O advogado Bruno Morassutti — diretor de advocacy da Fiquem Sabendo (organização sem fins lucrativos especializada em transparência e acesso à informação) e membro do Conselho de Transparência da Controladoria-Geral da União — aponta que os órgãos do sistema de Justiça brasileiro têm “problemas bem semelhantes” de transparência pública.

Os tribunais e os MPs, segundo ele, não estão acostumados a receber demandas relacionadas à LAI ou mesmo a considerar que precisam prestar o serviço público de fornecimento de acesso à informação. Devido ao “pouco controle” sobre suas atividades, esses órgãos “se sentem menos pressionados a atender à LAI”.

Também não há ainda no Brasil “uma reflexão muito grande sobre a necessidade de uniformizar entendimentos no que diz respeito ao tratamento de demandas de acesso à informação judicial”.

Para o advogado, o descumprimento da LAI é maior no MP porque o sistema de controle é pior.

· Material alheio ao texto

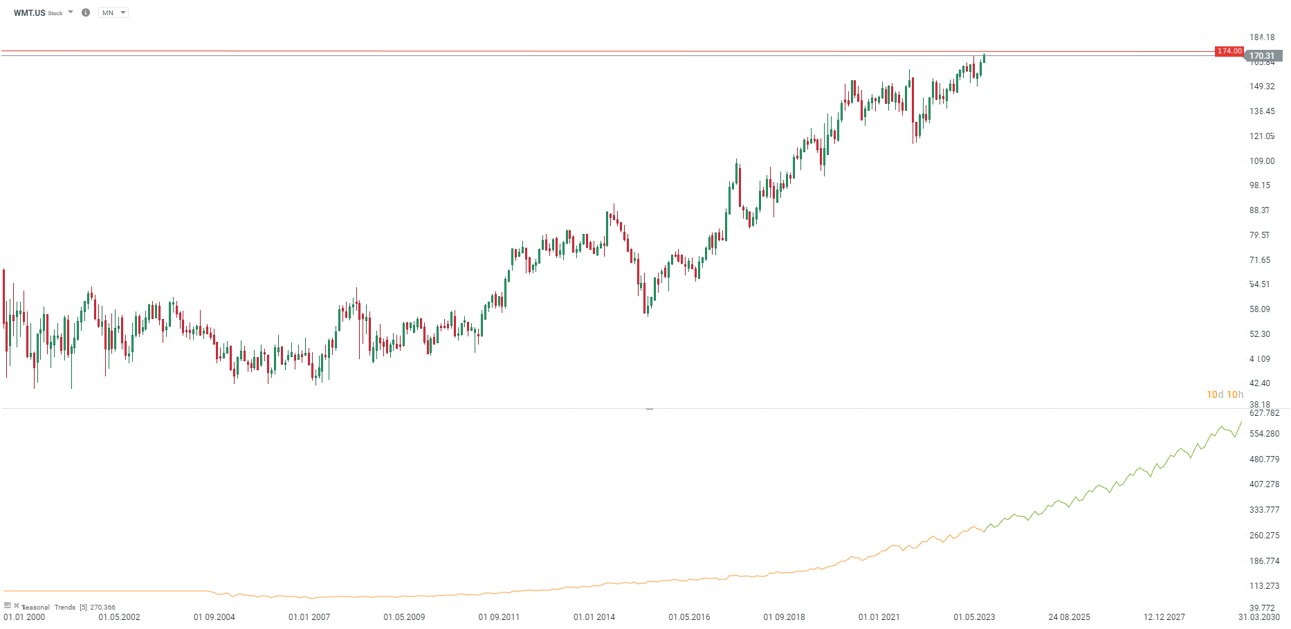 Walmart is up more than 2% in pre-market session and it will probably reach new all-time high in the first trading session in the week. Source: xStation5

De acordo com ele, o CNMP é “uma instituição menos efetiva” do que o Conselho Nacional de Justiça para fiscalizar o cumprimento da lei — embora o CNJ também deixe a desejar nesse quesito.

Morassutti defende o investimento na “adoção de procedimentos mais uniformes, sistematizados e periódicos de acompanhamento da execução da LAI”.

Assim como os tribunais, cada MP tem uma autoridade interna de monitoramento da LAI, que “deveria questionar as autoridades responsáveis quando verificasse respostas atrasadas, por exemplo”. Mas isso “ainda não é uma prática”.

Outra área importante que carece de investimento é a de tecnologia. Os MPs não têm “sistemas bons para protocolo de demandas de acesso à informação”. Em alguns casos, os protocolos dos sites “nada mais são do que um um sistema de disparo de e-mails”, sem um “controle centralizado sobre prazos”.

O advogado lembra que o Executivo federal, o Congresso e o Tribunal de Contas da União melhoraram muito sua transparência e seu atendimento de demandas quando aprimoraram seus sistemas.

Os investimentos também precisam ser voltados à formação dos servidores. Morassutti indica que muitos deles não conhecem bem o processo e o sistema de atendimento de acesso à informação, não sabem qual é a autoridade responsável por analisar recursos e não informam o cidadão sobre seu direito de recorrer.

Por fim, ele ressalta a necessidade de revisão de “alguns entendimentos que infelizmente são muito equivocados em matéria de transparência, como a aplicação da Lei Geral de Proteção de Dados Pessoais (LGPD) pelo MP para restringir acesso a informações sobre remuneração dos agentes”.